Wednesday, January 28, 2015

Greek Times

I just finished reading Dirty Rush by Taylor Bell.

Taylor Bell comes from a long line of Beta Zeta sorority sisters, who all expect her to pledge upon starting at the university. But Taylor has other plans: she's determined to give her family the proverbial middle finger and destroy the rich tradition they hold so dear by eschewing sorority life altogether.
However, Taylor's resolve soon melts when she falls in with a group of hilarious, ultra-saucy girls, who introduce her to all things Greek and soften her to the idea of joining. Resigned to the fate the Greek gods have dealt her, Taylor pledges Beta Zeta and embarks on a collegiate career filled with the kind of carousing sure to make any sorority sister proud.  (from the ad copy)

A coworker, who is a sorority aluma told me about it, so I read it.  For those who don't know, I wrote a book about my fraternity experiences.  Maybe someday I'll post chapters here.  I pledged Phi Kappa Sigma at Drexel University and transferred to Penn State.

Me Bartending at a fraternity social, 1987

I'm fascinated by this book.  I'd heard all the rumors about sorority life while I was in a fraternity at Penn State, but I was friends with very few sorority women.  For the most part, they ignored me, or looked at me like I was a maggot infested corpse.  And this despite me being a member of the "top fraternity on campus" as rated by the sororities.

I always wondered if they were warned away from me by fraternity brothers (I was a skinny little transfer student in a house full of jocks and ex-jocks) or if I was just that repulsive.  Or both.

Here's the thing- the brothers at the PSU chapter knew I was different.  They just didn't know HOW different.  I knew, but was burying it as deep as I could with denial, alcohol, and violence- you know everything I thought was Manly.
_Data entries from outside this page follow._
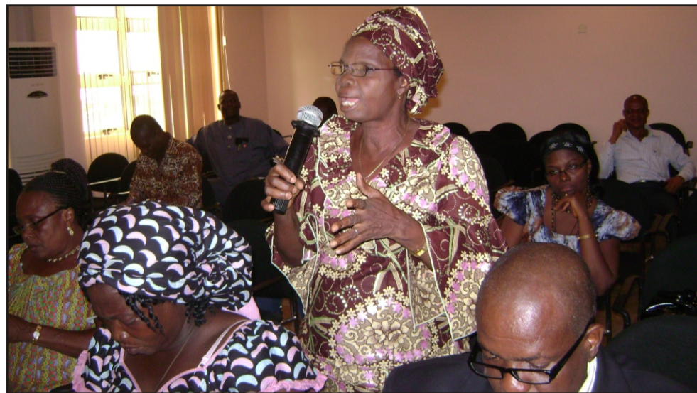
A Participant making contribution at the Conference
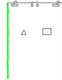
Fig. 7. Fill ratio vertical line

To overcome the issues related to the existing method such as accuracy, some additional steps are introduced just like, canny threshold setting that we used in the initial step to reduce the computational cost.
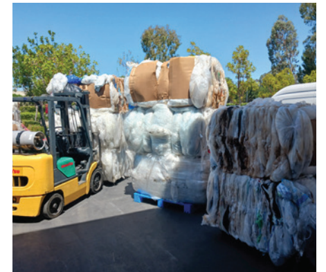
Plastic Beach has collected and reclaimed nearly 50,000 lbs. of this hard-to-recycle plastic.

“ECOLIFE Conservation’s aquaponic growing methods use up to 90% less land and water compared to traditional agriculture while providing a consistent source of fresh protein through fish rearing and harvesting—serving to combat both climate change and food insecurity. We’ve recently designed a solar-powered and scalable, Modular Aquaponics Response Kit (M.A.R.K.) which can be packaged into a shipping container for easy and rapid deployment to global communities. Equipped with more than 420 square feet of grow space, end-users can plant a wide variety of greens to fit the needs of their community or business.”
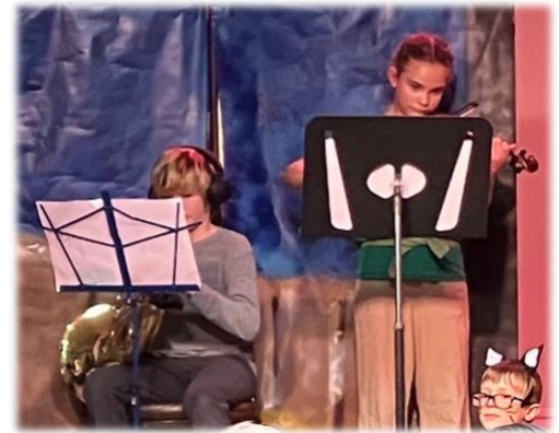
french horn player and violinist

Manly?  At the fraternity house, July 2013

And maybe that difference kept us from really bonding.  These days I'm in semi-regular touch with less than five of the over 100 brothers I met at Penn State between 1986-88.  And one of THOSE just argues politics with me.  My Drexel pledge brothers- the ones I was supposed to be closest to my whole life?  I'm Facialbook friends with three out of ten.  We don't talk often.

Don't get me wrong- the ones I still speak to are people I respect and WANT to be in touch with.  They're great guys.  I wouldn't speak to them if they weren't.  Add to that the fact that they've taken my transition in stride.  It's just that there are so few.

Regrets?  I've had a few.

So I read this book, and I thought about a few things.  For example, if Wife and I had kids right after we were married, they would be college age right now.  One of my Drexel roomies has a son at PSU right now, and, according to facialbook, he's having an amazing experience.  (And it's uncanny how much the son looks like his father.  Downright spooky.)

I have a daughter.  I remember thinking while I was still in college that I would Never want a daughter to join a sorority.  Not that the choice would be mine.  How could I warn her away or forbid her?  After all, I went Greek in my college days.  It would be hypocritical.

I read this book and my first real impression is that the actives today get away with things we never would've dreamed of doing.  College antics from my day must seem Quaint to today's students.

Toga Party, 1988, Selfie 80s style. No, it's not me.

Remember, I was in college thirty years ago.  That would be like comparing my college experience to the experiences of college students in the 1950s.  Things have changed so much.  If this book is to be believed, college students have so much more sex and parties than we ever had.  They also have far more drugs than we had- and as I came up in the 80s, that's saying something!  I think about my ex-roomie's son at PSU, and the temptations he must face, but I know his parents raised him right, so I'm sure he's fine.

But what will college be like when my daughter goes ten years from now?  And what will Greek life be like?

I look at the headlines about date rape drugs and things we never did ("What?  you're so lame that you can't get laid when she's sober?  Loser!") and I'm afraid for my daughter.  I hope Wife and I can raise her right.  Of course as I currently rarely see her, my input is limited.

Yes, this scares me.

On another point, I wonder what it would've been like to be in a sorority back in my day.  I'll never know.  More regrets.

So anyway.  Dirty Rush.  Do I recommend it?  If you're Greek, it's a fun read.  If you're not, then it's not going to have the same impact.  I really enjoyed it though.  It could've been a little less predictable, but it was a fun read.

I know a lot of my Trans-sisters were Greek as well (Sirena and Amanda were in the same fraternity!).  If you want to send me a funny story or two, I'll collect them and post them if you wish.  Maybe we can make a book of OUR stories!